Deutsch-türkische Beziehungen: Armeeangehörige beantragen Asyl
Rund 40 meist ranghöhere Soldaten sollen in Deutschland Asyl suchen, melden Spiegel und SWR. In der Türkei würden vielen als vermeintlichen Putschisten Haft drohen.
Der Zeitpunkt der Veröffentlichung ist heikel, da Kanzlerin Angela Merkel (CDU) am Donnerstag – einen Tag vor dem EU-Gipfel auf Malta – zu politischen Gesprächen in die Türkei reist.
„Es gibt keinen Zweifel, dass wir diese Soldaten nicht in die Türkei zurückschicken können“, zitiert der Spiegel den CSU-Innenpolitiker Stephan Mayer. „Sie würden dort sofort im Gefängnis landen.“ Der Vorsitzende des Auswärtigen Ausschusses, Norbert Röttgen, sagte: „Das Asylverfahren ist rein rechtlich, politische Erwägungen dürfen dabei keine Rolle spielen und werden es auch nicht.“
Der griechische Verteidigungsminiter Panos Kammenos geht davon aus, dass die Zahl der türkischen Offiziere, die in Europa Asyl beantragt haben, noch viel höher ist. „Es sind mehr als 400 (türkische) Offiziere, die Asyl beantragt haben“, sagte er dem griechischen Sender Skai am Samstag. Das habe er aus Nato-Kreisen in Brüssel erfahren.
Türkischer Streit mit Griechenland
Die türkische Regierung drohte dem Nachbarn Griechenland bereits mit Konsequenzen, nachdem der oberste griechische Gerichtshof am Donnerstag die Auslieferung von acht türkischer Militärs verweigert hatte. Sie waren im Juli 2016 während des Putschversuchs in der Türkei per Hubschrauber nach Griechenland geflohen und hatten dort Asyl beantragt.
Ankara stuft die Militärs als Putschisten ein und will das Gerichtsurteil nicht hinnehmen.
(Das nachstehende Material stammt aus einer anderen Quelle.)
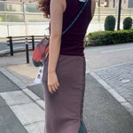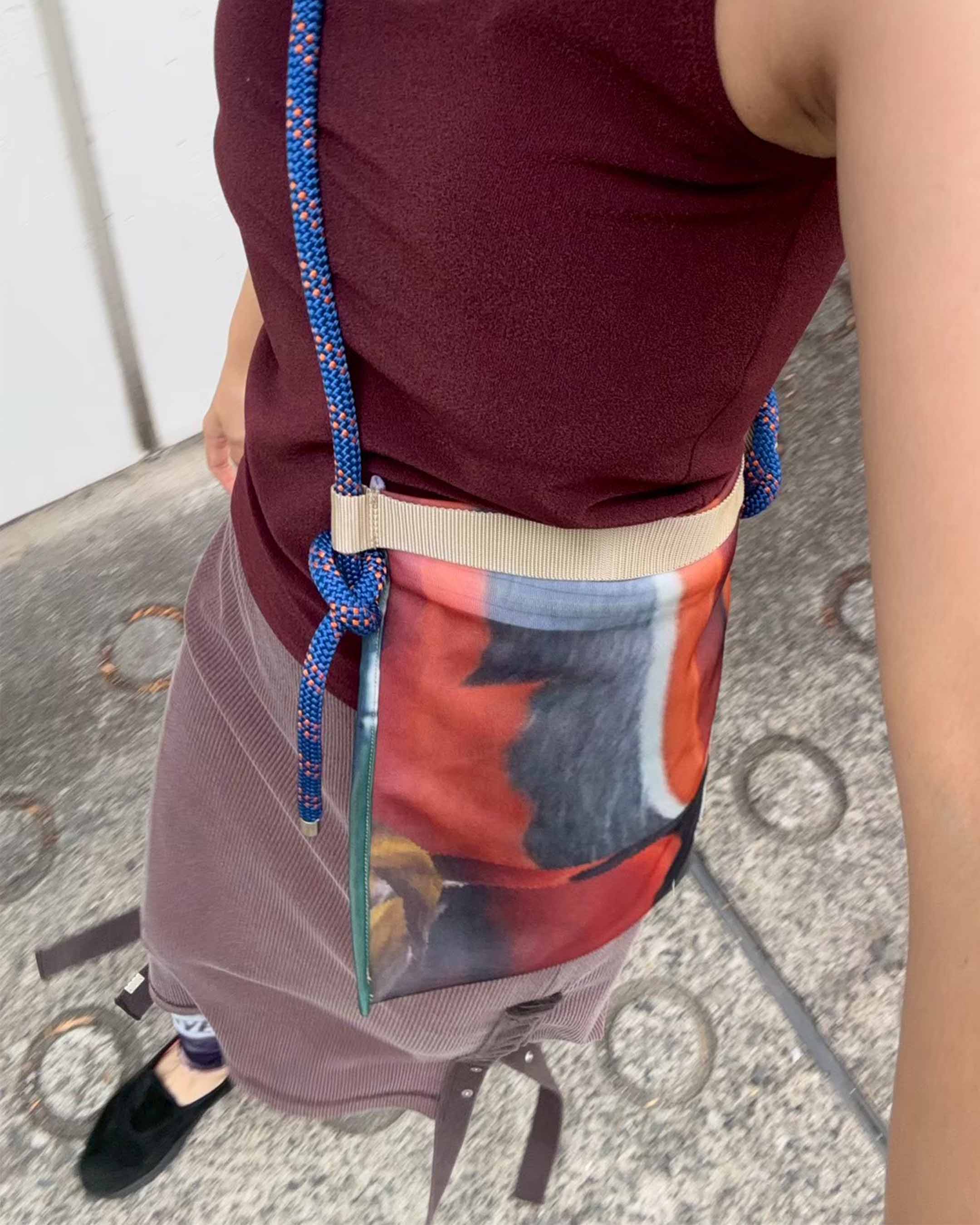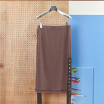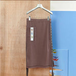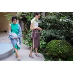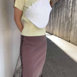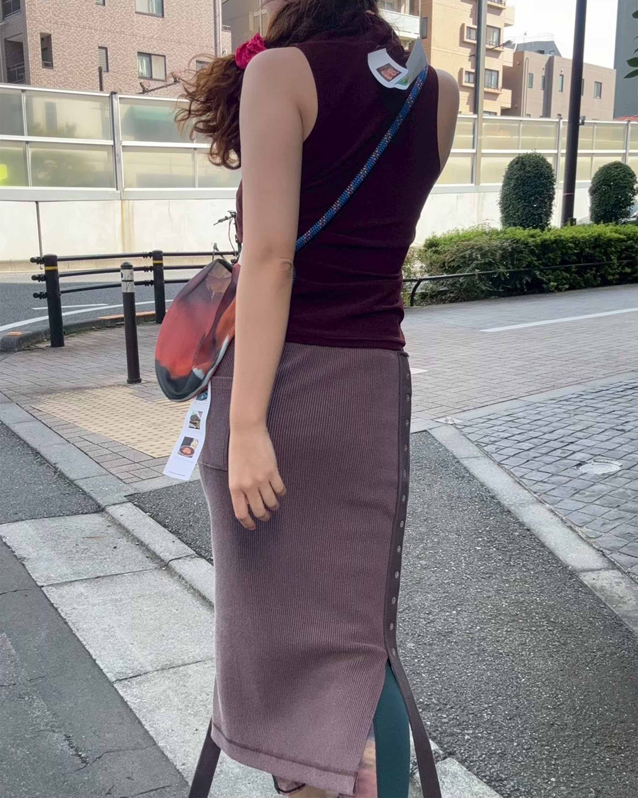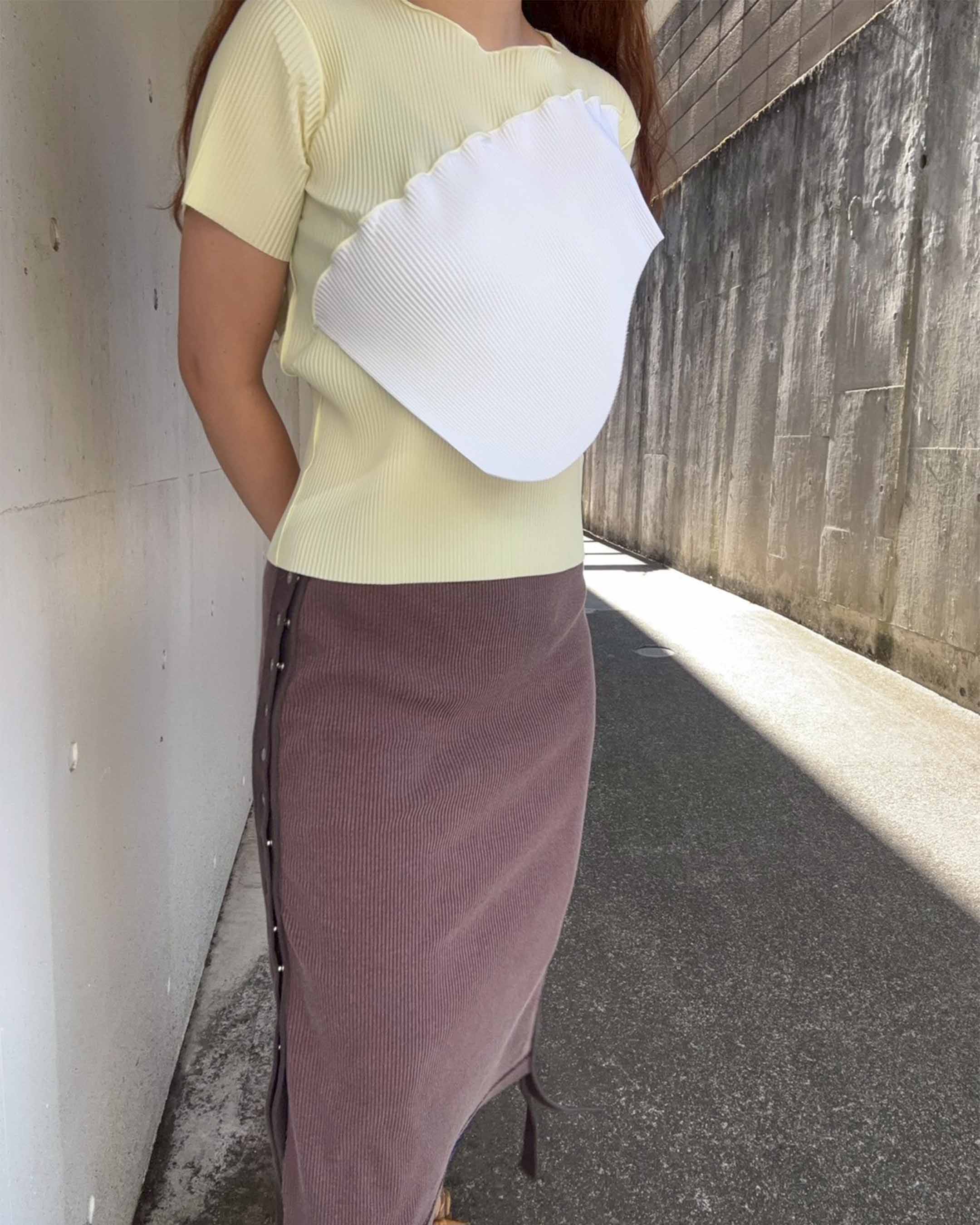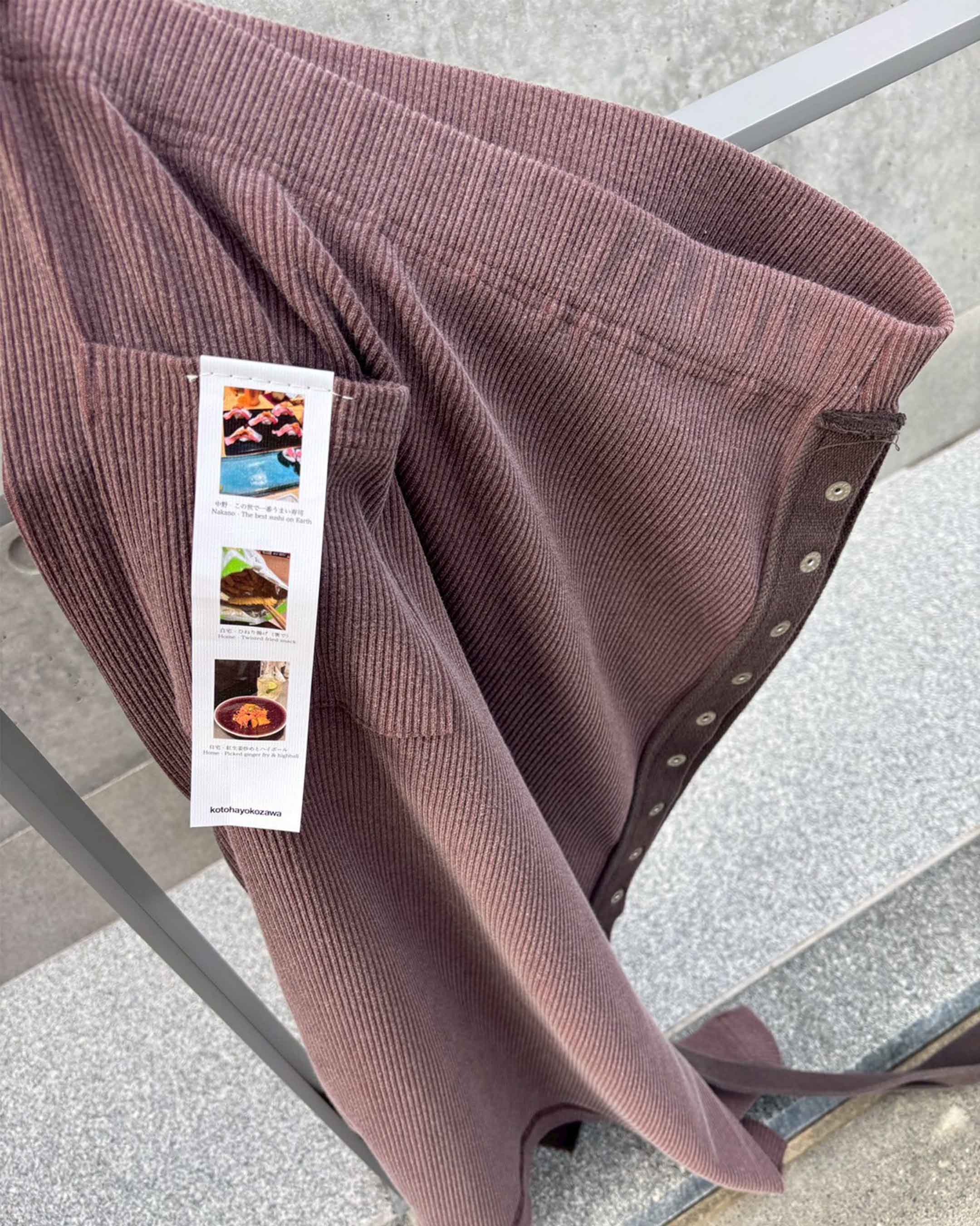 顔料インクでヴィンテージ加工を施したリブ地に、ストーンウォッシュ加工のヘビーウェイト綿テープをアクセントとして使用。本体の生地とテープの質感が絶妙にマッチし、テープ先にはオリジナルのメタルクリップを取り付けています。このスカートはパンツやショーツと重ね履きして、スナップを全開にして履くのもおすすめです。

Neben dem Flüchtlingspakt mit der EU habe die Türkei auch ein bilaterales Rücknahmeabkommen mit Griechenland, das nun beendet werde, zitierte der türkische Staatssender TRT am Freitag Außenminister Mevlüt Cavusoglu.
Zwei der Offiziere beteuerten im Spiegel und im „Report Mainz“, sie hätten mit dem Putschversuch nichts zu tun. In der Türkei drohe ihnen dennoch die Verhaftung und womöglich Folter. Einer wird mit den Worten zitiert: „Wir stehen vor dem Nichts.“ Die Soldaten beschuldigen demnach Präsident Recep Tayyip Erdoğan, prowestliche und säkulare Haltungen von Türken im Militär systematisch abzustrafen.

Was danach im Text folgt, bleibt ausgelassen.